После его ухода французы и сто граммов их вина навели меня на подловатую идею. Я позвонил на цветочную ферму Синди и представился Жаком Туртеном из Парижского Jardin des Plantes,[9] ботаником, интересующимся возможностью получить семена некоторых диких цветов. Меня попросили подождать — через несколько минут мне отзвонят. Я занервничал, смеяться перестал и продолжал сидеть на кухне, наблюдая за ходом настенных часов. По эстетическим причинам я строго ограничиваюсь одной бутылкой вина в день. Я, пожалуй, не из тех, кто не может с собой совладать.
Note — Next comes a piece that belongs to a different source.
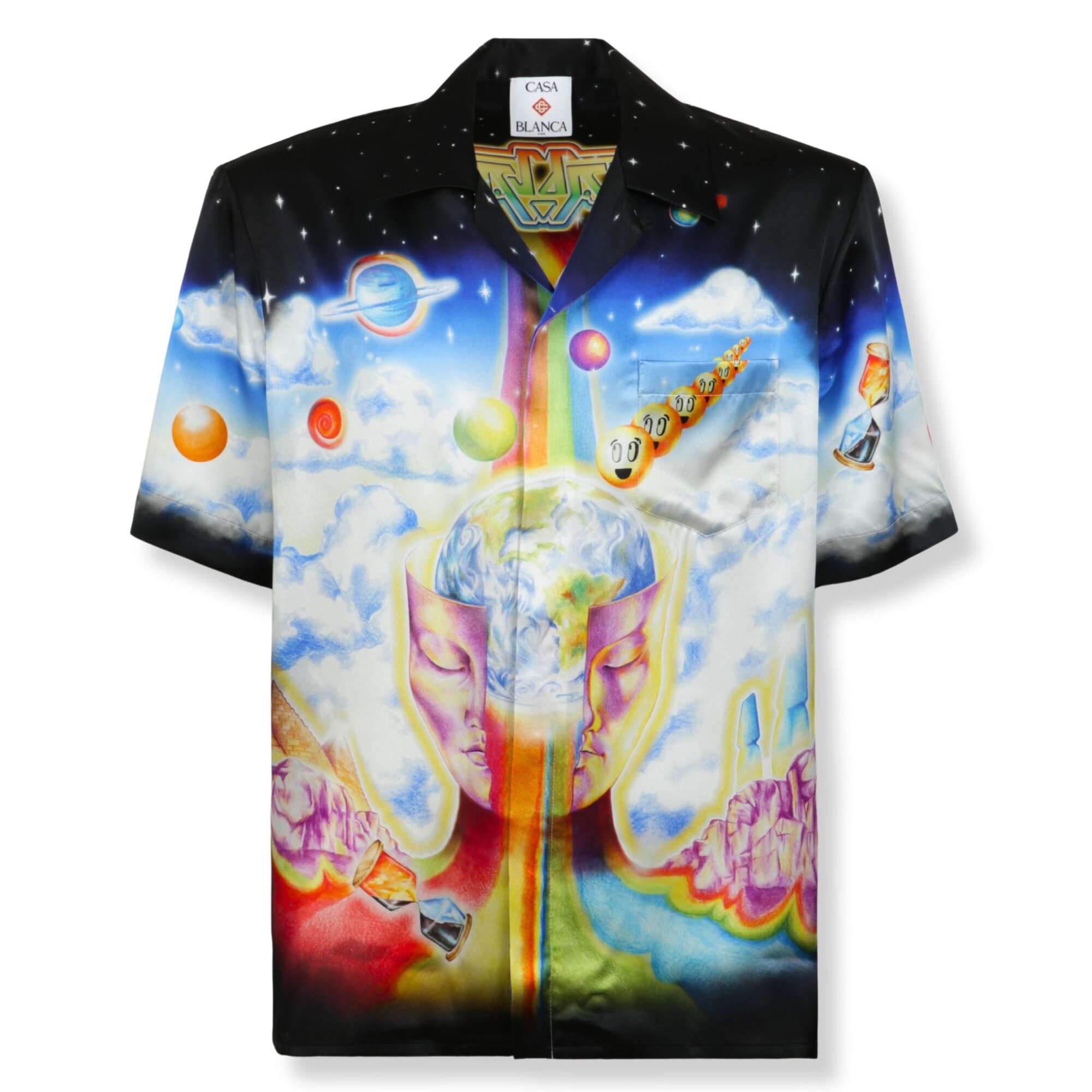 The Essential Experience Shirt Casablanca. Stampa su tutto il corpo e taschino sul petto, colletto cubano e abbottonatura coperta.

Через семь минут телефон зазвонил — это Синди вызывала меня по мобильному из душистой прерии под Уичито, в Канзасе. Я заговорил с французским акцентом, но был разоблачен через несколько секунд. «Кретин», — засмеялась она. Феминистки, в прошлом называвшие нас «нуждающимися», теперь частенько именуют нас «кретинами», что подкупает.
Разговор был приятный, хотя за это время я превратился в лужу пота. Поддерживайте в кабинете температуру в пятнадцать градусов, и вы будете работать интенсивнее. Да, мои Биозонды не укрылись от ее внимания. В телефоне был слышен степной ветер, и он сообщал ее голосу такие модуляции, что я представлял себе Синди в штормовом море.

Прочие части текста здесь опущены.